It's so good to be back home! I never have a bad time traveling, but I think of home with a longing that is almost physical while I'm away, and the hour before we turn into our own driveway is excitement itself.
The flowers are taller. The lilies are unbelievable. Something in the wine barrel that I thought might be an incipient hollyhock when I left turns out to be a gourd now that I've returned, and I think I will nip it in the bud, before it takes over the yard. More wonders await in the garden, although I don't yet know what they are. You will write your eMo before you do anything else, .I tell myself sternly, knowing that I may never come back in once I've made it outside.

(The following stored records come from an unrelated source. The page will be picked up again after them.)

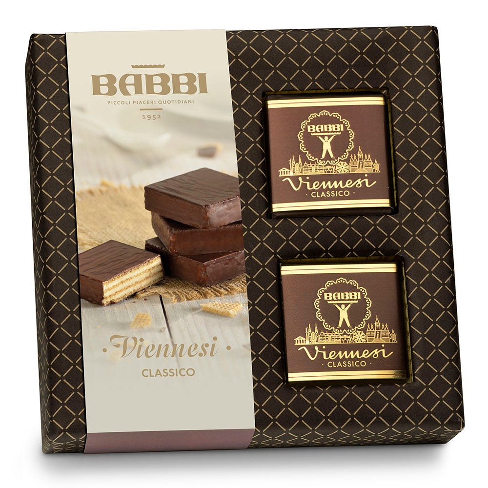 One of Babbi’s most iconic creations. Beautifully wrapped, thin waferini layers filled with fine vanilla cream and coated with dark chocolate.
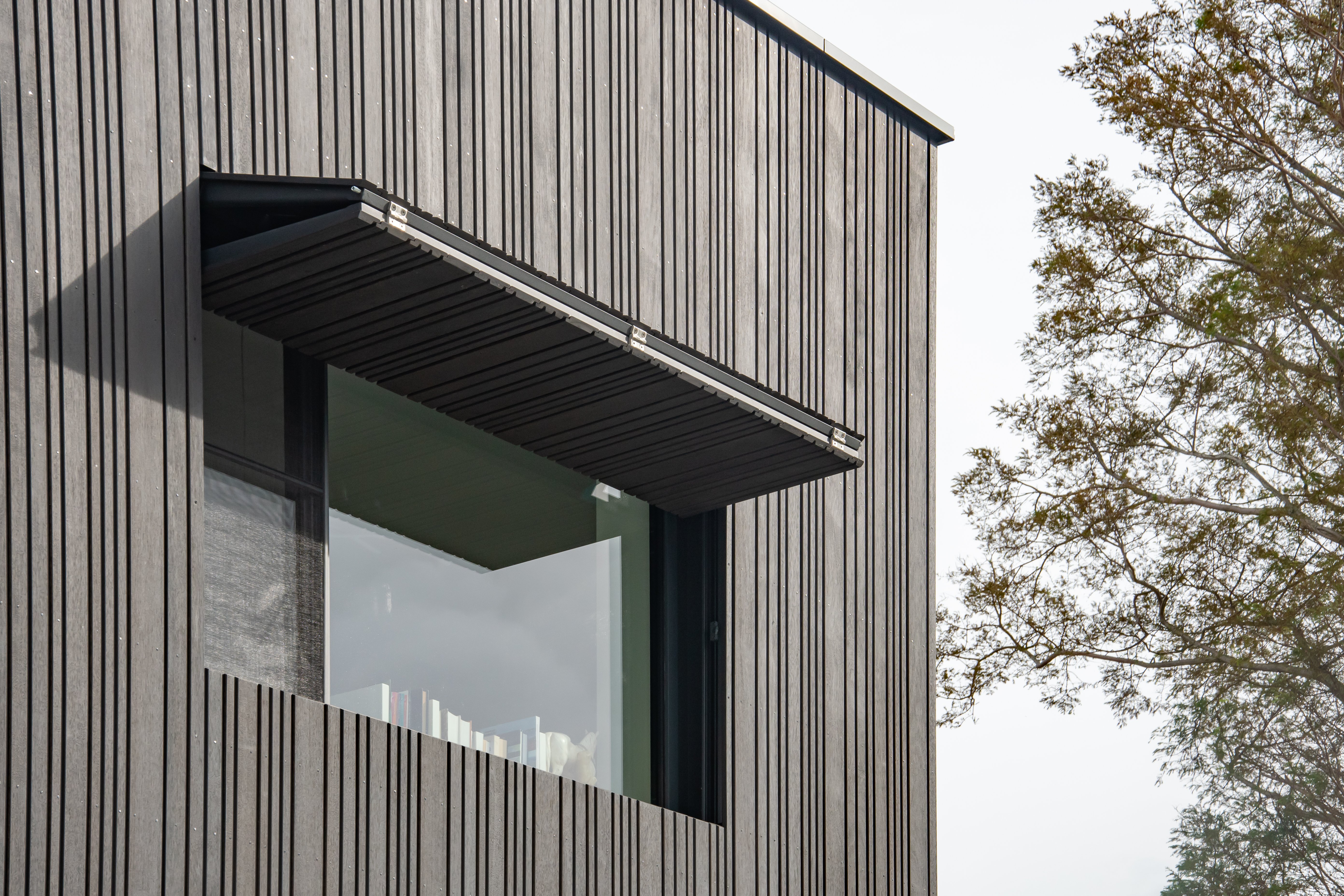 Structurele zonwering met houten bekleding, ook bekend als houten brise soleil, is een elegante oplossing waarmee permanente zonwering gecreëerd kan worden. Dit type zonwering is te monteren als lamellen voor het raam of als luifel. Het past bijvoorbeeld ook perfect in hoge hoeken met schuine ramen.
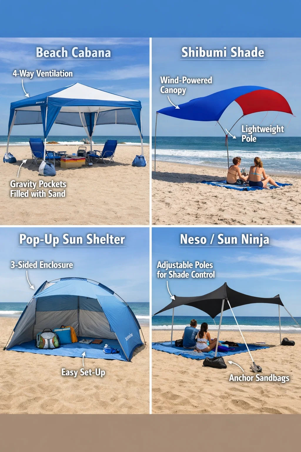 Tại sao lại tốt hơn: Những sản phẩm này thường được bao bọc ở ba mặt, giống như một nửa chiếc lều. Đối với những người có trẻ em hoặc vật nuôi, nó chặn gió, cát và tia UV từ các phía, mang lại khả năng chống nắng toàn diện hơn.
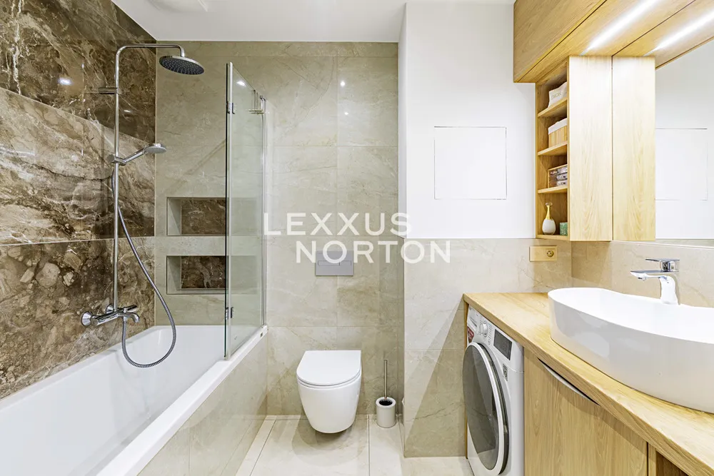 V bytě je k dispozici plně vybavený kuchyňský kout se spotřebiči, který byl navržen na míru, tak aby elegantně doplnil interiér bytu. Byt prošel rozsáhlou rekonstrukcí v roce 2024, kdy kromě kuchyňského koutu, jsou v bytě nyní nové podlahy, obklady a dlažba na chodbě a v koupelnách.
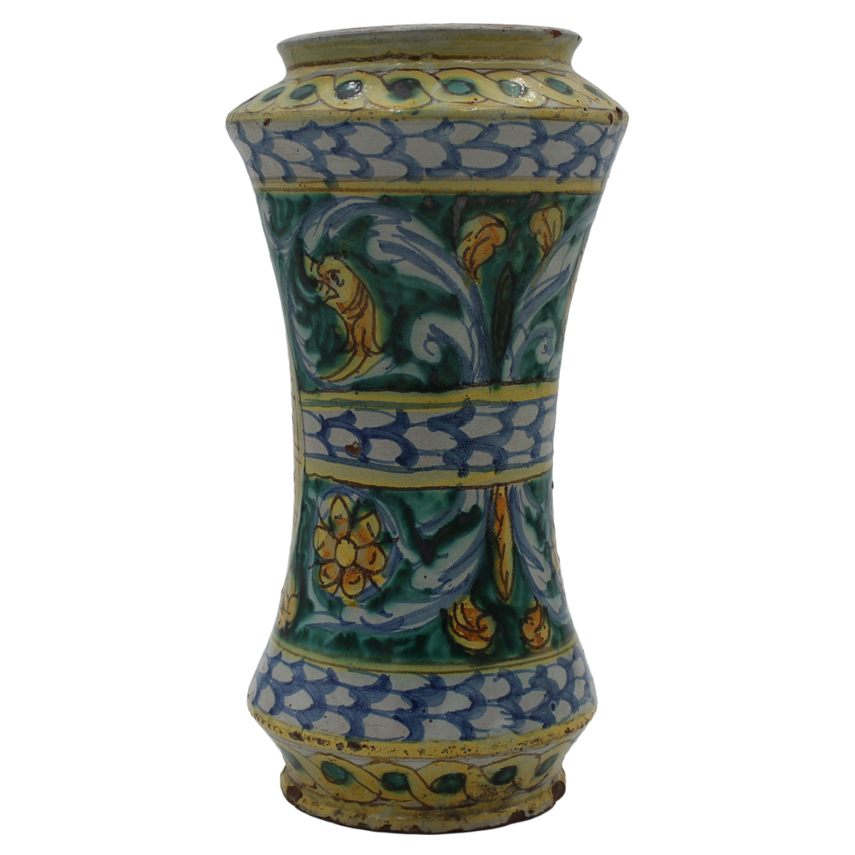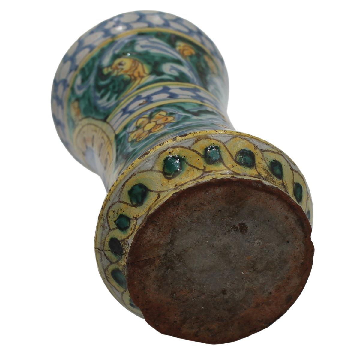 € 1.500Antica maiolica con sul fronte Santa Rosalia e sul retro decoro a motvi floreali e vegetali policromi (importante failure dal centro al piede). Sciacca. Secolo XVII. Cm h 29,5

I can't even put the flag up first?
No. Do the eMo, then you can go out.
So write swiftly, and then bring Old Glory up from his hideaway in the basement stairs and hang him on the porch. Put the little flags in the urn of pansies near the road, so that people can see them as they pass by on their way to Main Street for the parade. Make tea and begin a slow tour of the garden. Ask pardon of the birds for my absence, soothe any ruffled feathers with yummy sunflower hearts. Wait for the reproachful cats to appear, and placate them with a big breakfast
Oh, home! We celebrate the birth of the nation with love, and a major portion of what we love is really our own homes, our own neighbors, our own small places. All politics is local, they say, and maybe much of love is, too, needing incarnation in a particular house, a particular street, a particular person in order to be seen and felt. Soak it up, dig your bare home into the thick love of your home and your people, the living and the dead. Tomorrow it will be politics as usual: a sudden Supreme Court vacancy, another one surely on the way. A war fought in our name by young people who don't get to be at home, who may never go home again. Turn again tomorrow to the task of becoming worthy of such sacrifice, becoming even half as good as some of them will die today believing us to be.